The Two Component Random Number Generator


[Karl] was in need of a hardware random number generator, but is needs had a few caveats: it needed to be cheap, and sufficiently random. Random number generation can get quite crazy with Geiger tubes, lava lamps, and radioactive decay, but a much smaller solution was found in an 8 pin AVR microcontroller.

The solution uses AVRentropy, a library that uses the watchdog timer’s jitter in AVR microcontrollers to provide cryptographically secure random numbers. Setting up the circuit was easy – an ATtiny45 microcontroller was connected to a cheap chinese USB to serial converter. Three wires, and the circuit is complete. The code was simple as well; it’s just a call to initialize the entropy and write the bits to the serial port.

There are a few drawbacks to this build. Because the entropy library must wait until enough entropy is gathered, it can only produce about two 32-bit numbers per second. That’s all [Karl] needed for his application, though, and with an enclosure made from a wine cork and marble, he has the prettiest and smallest random number generator around.

41 thoughts on “The Two Component Random Number Generator

    1. “True random generators” are not “cryptographically secure random generators” because with a “true random generator” there is a chance to get 0, 0, 0, 0, 0, 0, .. 0 at it’s output and you don’t want that for crypto.

    2. Yes, they are secure. The dongle is only sending out random numbers generated by the MCU, and the code is simple enough to be read by almost anybody.

      After Snowden, almost everyone distrusts everything related to crypto, but if you don’t believe those numbers are secure, at least state why.

      1. It is not absolutely secure, but for most purposes it is good enough. It is easier to put a back door in the program these random numbers are going to be used for than it is to hack this device, especially because it is a custom device.

        Of course, for most purposes, a simple software random generator on a PC using freely available entropy is also good enough in nearly all the cases.

        1. Trui, as the author of the library in question, I can assure you that the library has been shown to produce cryptographically secure and truly random (uniform distribution) numbers. The security is largely dependant upon physical implementation, though, so as the end user one is reponsible for not only maintaining that, but regularly checking to ensure that the security hasn’t been compromised.

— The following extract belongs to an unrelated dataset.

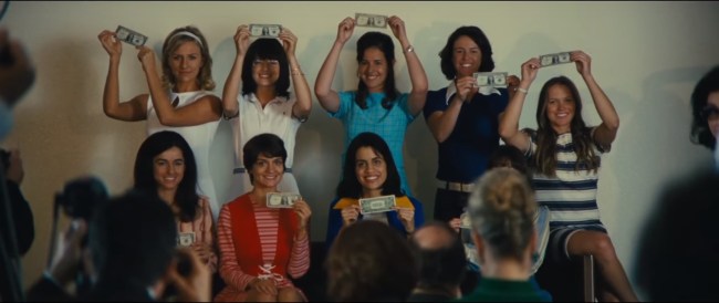 Billie Jean calls this into question, citing the fact that the women’s matches had equal ticket sales. Women bring in half the money, they should receive the same pay, no? Apparently, no. After trying to reason with Jack and not making a dent, Billie Jean threatens a boycott, saying that the female players will walk and start their own tour, taking their ticket sales with them. Kramer seems unperturbed, and so Billie Jean and Gladys walk out, determined to make good on Billie Jean’s threat, despite not being entirely sure what they’re doing.

          1. Ah, but did you check the compiler to see if it recognizes that you’re building the library, and inserts a back door in your object files ? (not so far fetched as you may think, as this has been done before).

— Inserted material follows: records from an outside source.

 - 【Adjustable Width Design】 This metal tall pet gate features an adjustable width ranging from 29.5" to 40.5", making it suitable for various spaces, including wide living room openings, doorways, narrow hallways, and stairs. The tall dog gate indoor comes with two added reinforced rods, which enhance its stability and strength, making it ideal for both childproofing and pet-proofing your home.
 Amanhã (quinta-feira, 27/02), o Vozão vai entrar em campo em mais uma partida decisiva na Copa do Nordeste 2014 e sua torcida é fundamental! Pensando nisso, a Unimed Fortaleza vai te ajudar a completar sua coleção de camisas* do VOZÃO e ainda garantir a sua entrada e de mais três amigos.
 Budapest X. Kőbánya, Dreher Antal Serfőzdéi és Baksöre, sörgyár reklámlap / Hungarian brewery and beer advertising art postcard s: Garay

          2. Again, “The security is largely dependant upon physical implementation, though, so as the end user one is reponsible for not only maintaining that, but regularly checking to ensure that the security hasn’t been compromised.”

          3. Right. So the end user is still required to verify everything from end to end, including the library itself, the toolchain, the USB interface, the PC, and the details of the watchdog clock hardware that aren’t easily accessible to inspection, as well as making sure the attacker doesn’t have any way to monitor or manipulate relevant external influences. Since nobody does all those things, we cannot assume it is “absolutely secure”. Of course, we can agree it is “secure enough” for most typical purposes. But then again, the same can be said for /dev/random.

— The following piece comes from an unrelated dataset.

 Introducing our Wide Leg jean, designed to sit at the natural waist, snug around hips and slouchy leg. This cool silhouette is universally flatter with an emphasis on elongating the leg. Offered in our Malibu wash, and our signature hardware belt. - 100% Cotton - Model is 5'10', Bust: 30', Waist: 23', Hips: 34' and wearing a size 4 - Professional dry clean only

          4. Yes, Trudi if a person wants security they are required to ensure it for anything that might be compromised… Nothing new there.

            Of course, unless the NSA is after you (or you fear it is) then the OP’s device will likely proove fine as is. Even more so if they simply use it on a variety of different computers and hence don’t have to worry too much about that end of things.

            And not everyone is running a OS that has /dev/random… and of those who do, this library and user created device is far easier for that user to perform the verification described above than it would be for most users to verify that /dev/random hasn’t been compromised…

            And of course, this tech doesn’t actually need a computer at all if the task can be handled with a couple of microcontrollers.

        2. I think in this case the ‘security’ element refers to the generation of the random numbers themselves (is the sequence genuinely random and unpredictable? generating truly random sequences is much harder than it might appear at first sight) rather than the way in which the generated numbers are then treated.

          1. Trui is right, another example I saw of this using an FPGA was able to be biased by heating it up or letting it heat itself up with hard usage. I would also say there should be a level of de-skewing going on before those numbers are used, and perhaps, that’s part of the reason there is a delay. I prefer the Geiger method or the amplifier noise method ( on the theory side.

          2. The generated numbers are probably not genuinely random and unpredictable. The RC oscillator that drives the watchdog is not completely independent from the environment, and will respond to temperature/voltage fluctuations which an attacker may control or read out. Also, with sufficiently sensitive equipment, the RF emissions may be detected from some distance.

            I realize that people tend to focus on only a single part of the whole security network (the random number generator), but a complete secure system has many more elements. There’s is no sense in worrying about perfectly random and unpredictable numbers, if they are going to be used in a system with easier weaknesses.

  1. Been there, done that .The only thing that still puzzles me is the code distribution from a straight forward implementation (using wdt and an 8 MHz crystal): (200k 8bit values collected and binned).
    I’ve added a few lines to ensure even code distribution (needless to say that this measure doesn’t increase randomness). Will have to take a closer look at AVREntropy.

      1. Op-amp in a Faraday cage? With an optical output?

        Isn’t there still plenty of good entropy in the old fashioned “please hit lots of keys” method and measuring the time down to the microsecond?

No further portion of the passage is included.